After listening to Big Brother @cz_binance's views on VC coins and meme coins yesterday, combined with the recent buzz in the market about alpha in meme coins, as an occasional small retail investor in the secondary market, with many coins already going to zero, I've become increasingly lacking confidence in buying. Instead, I'm now more inclined to play on-chain with meme coins.

@cz_binance I believe truly valuable meme coins should have historical or cultural significance. 90% of meme coins will go to zero, but I hope meme coins can continue to gain popularity. Meme coins don't care about fundamentals—only about consensus speed, emotional contagion, and the brutal aesthetics of musical chairs. Pure PVP, creating a bunch of mini millionaires' wealth myths. That's also why so many people get addicted, even though there are many pitfalls and it's becoming less friendly to newcomers. Still, I'm looking forward to the next alt season.

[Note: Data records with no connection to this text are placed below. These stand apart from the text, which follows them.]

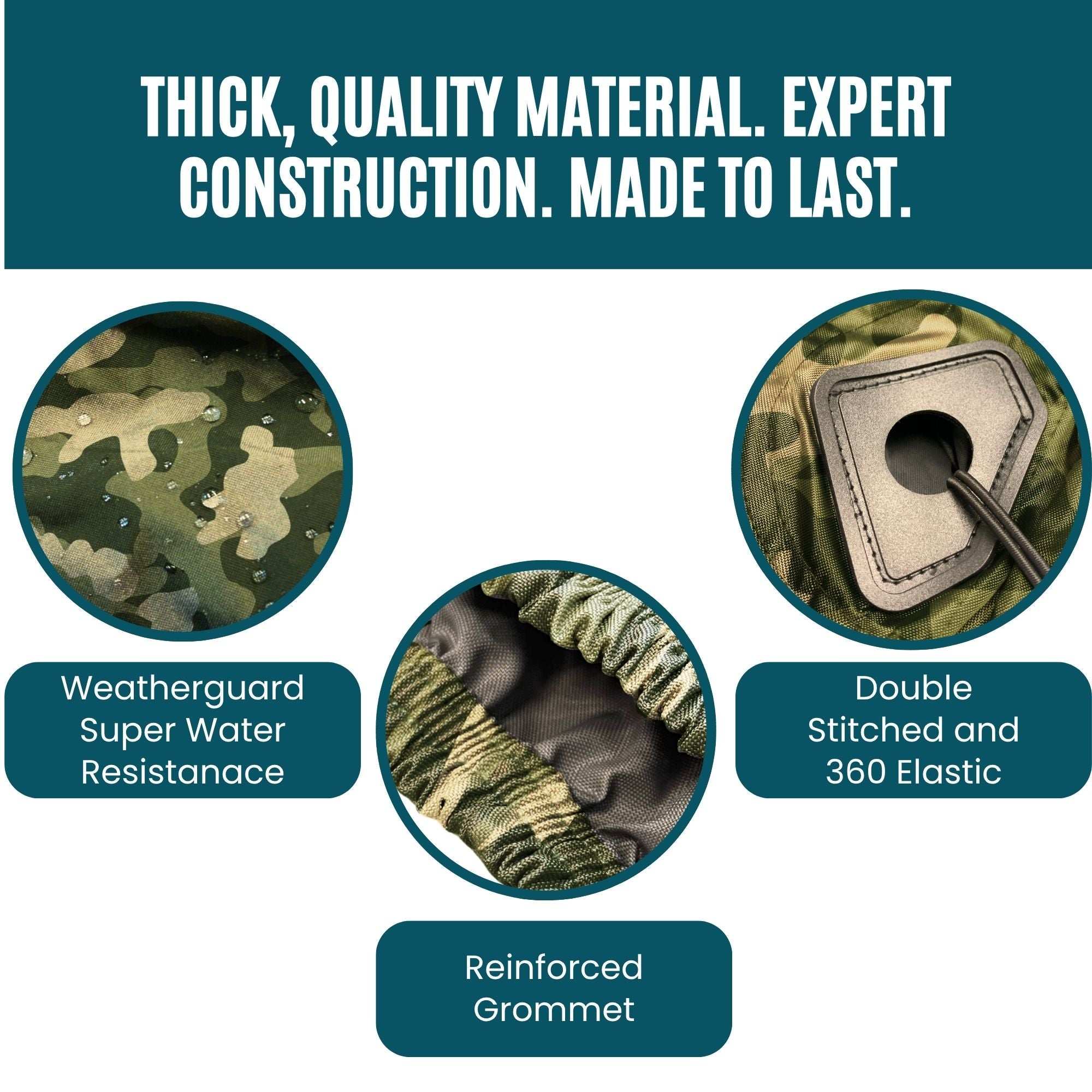 • Tough, Weather-Resistant Material: Made from heavy-duty, anti-UV, water-repellent polyester fabric that protects against sun, rain, and snow. Camouflage version color!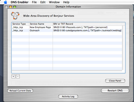 This is experimental. It's an extension to DNS Enabler that will allow the user to configure the DNS server so that it'll also broadcast Bonjour services (that the user has happened to have set up) so that they can be discovered, browsed, and accessed from the wide-area network (rather than on just the local network). I may also add a couple more new features to the next DNS Enabler release that people have asked for (e.g., the ability to set the DNS server so that it doesn't do recursive lookups, and the ability to restrict the range of IP addresses that you allow lookups to be made from). So, lots of things to do.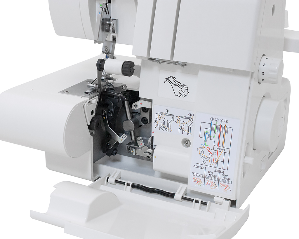 Оверлок позволяет шить 4, 3, а также 2 нитями с помощью специального конвертера. Двухниточные швы особенно актуальны для обработки легких тканей, например, шифона, тонкого шелка, батиста.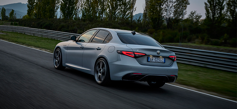Consumo de combustível Gama Alfa Romeo GIULIA (l/100 km): 8,11 –4,99; Emissão de CO2 (g/km):184,4 –130,8. Valores determinados com base no ciclo ponderado WLTP, atualizados a 26 de setembro de 2022 durante as atividades de testes de pré-aprovação e podem variar antes da homologação final.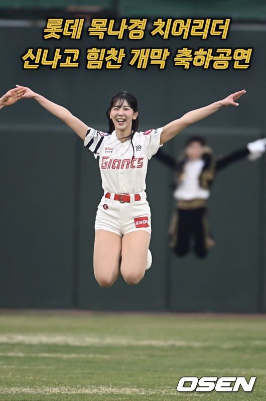 3일 부산 사직야구장에서 2026 신한 SOL KBO 리그 롯데 자이언츠와 SSG 랜더스의 경기가 열렸다. 롯데 자이언츠 홈 개막전 경기에서 목나경 치어리더가 개막 축하 공연을 했다. 목나경 치어리더는 신나고 힘찬 공연을 선보였다.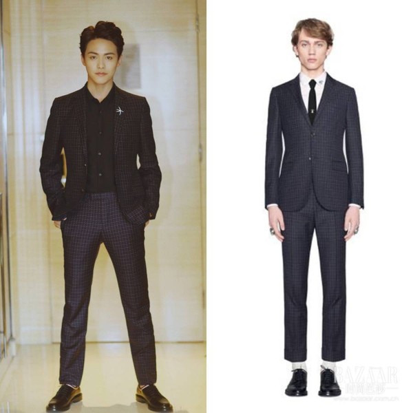 马天宇的格纹西装也来自Gucci ,银色胸针点亮全身造型。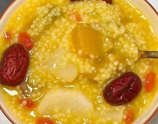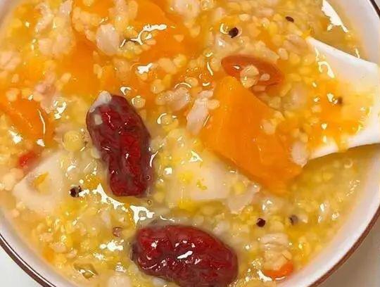2、時間到,打開鍋蓋,一股棗香味撲鼻而來。最後,將煮好的小米山藥紅棗粥盛入碗中,即可享用。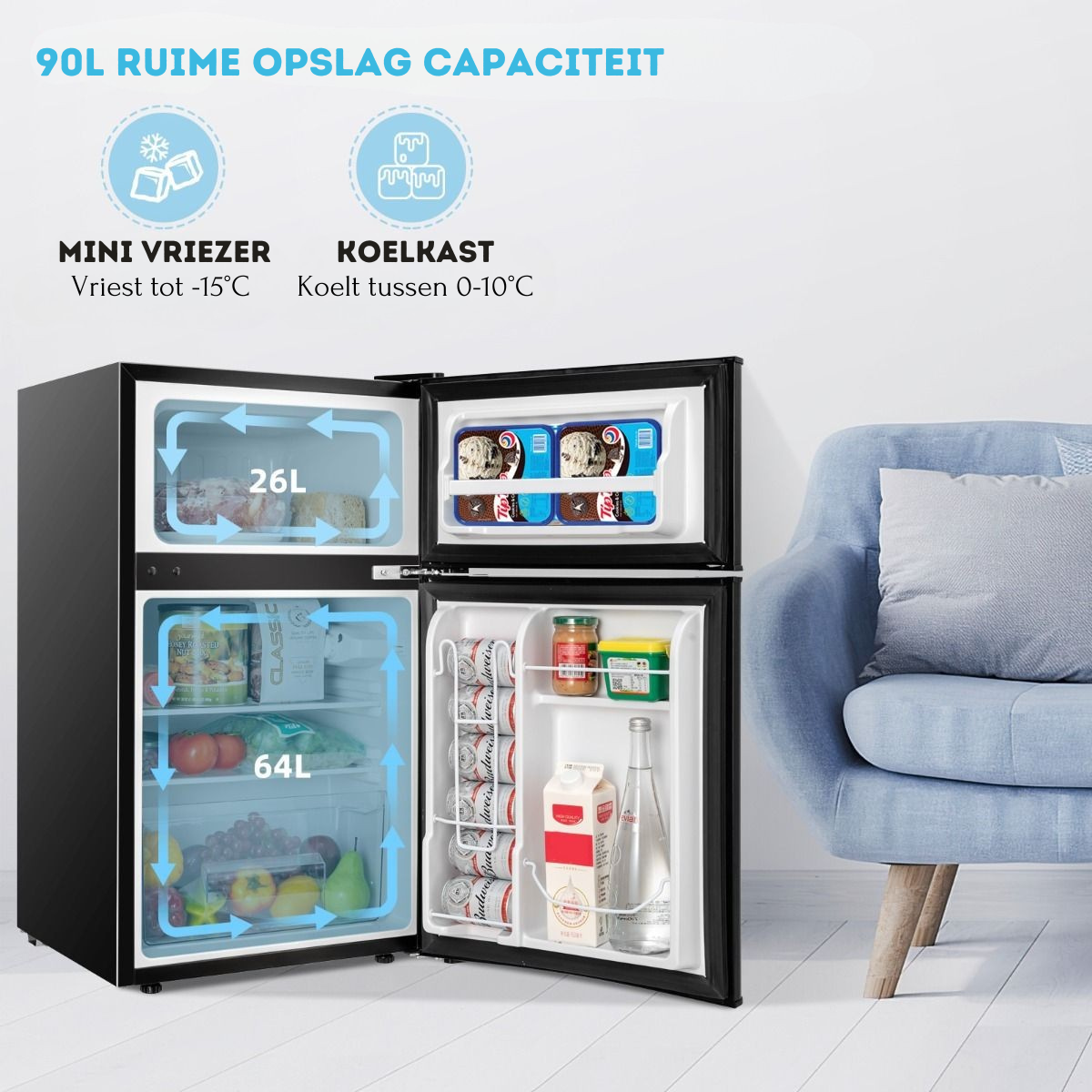 - Hou je eten en drinken koel wanneer je maar wilt met deze 90L mini koelkast!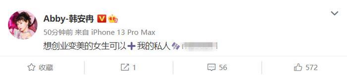 而且就包括这次,韩安冉在宣布离婚之后,引起了不少网友的讨论,于是,她马上又发了一条微博给自己打广告......

Meme culture won't disappear—it will only become more extreme, more refined, and increasingly act as a mirror exposing the truth.

In contrast, VC tokens often come with extensive KOL promotions and investment pedigree before launch, with their whitepapers boasting flawless ecosystem loops. Yet many projects see their market cap fall far below their fundraising valuation after listing, even experiencing 'valuation inversion'. As CZ said, many VC projects today are listed merely to enable institutional exits.

Project teams attract numerous 'milk-studio' operations by fabricating data (user growth, community activity). These tokens become highly concentrated in the hands of a few studios or 'wool parties'. Dumping after listing becomes the norm, resulting in impressive testnet numbers but extremely low retention after mainnet launch, and rapid collapse of community consensus. Ordinary users perceive a disconnect between effort and reward, shifting from co-builders to short-term speculators, leading to a breakdown in long-term loyalty.

Even if a project is solid, failing to give enough airdrops to studios or failing to detect sybil accounts can trigger FUD in the community and on social media; but giving them leads to massive selling pressure at TGE. The outcome is: giving studios means 'death', not giving also means 'death'.

As a web3 enthusiast, I don't want pure speculative VC tokens, nor pure memes—I lean toward products that offer real utility and sustainable revenue. This is beneficial for the industry's long-term development. Many current speculative VC tokens remain stuck in concepts without actual products.

After launch, many projects fail to match even the market cap or hype of meme coins, dousing the dreams of project teams and investors hoping to cash out quickly. They must now bear not only technical and labor costs in early stages, but also pre-launch marketing expenses and listing fees—only to find no traction afterward, with no retail investors to take over.

Moreover, the market habitually judges projects by pump-and-dump cycles. User mentality is already fixed, making it hard to shift toward long-term value investing. Projects with contracts can even collude with contract mechanisms to manipulate markets and extract funds, creating artificial hype—no one cares what they actually do, like $AIA and $coai. Meanwhile, projects without contract support and user retention will eventually fade into obscurity. Many public chain projects have daily active users below two digits. Frequent security incidents (over $3.3 billion lost on-chain in 2025) and risks of hacks or team runaways further erode trust.

The VC tokens that can truly break through need:

Prove cash flow and real economic value (not just airdrop incentives).

Build a user closed loop (great experience, high trust, strong retention).

Adapt to institutional demands (transparent governance, compliance prioritized).

Deep integration with high-certainty sectors such as AI, RWA, privacy, and payments.

Cycles will pass, but what remains is always the product, not the market trend. Prioritize avoiding projects dependent on high-risk speculation and lacking a closed loop, and shift toward directions with verifiable contributions and sustainable models.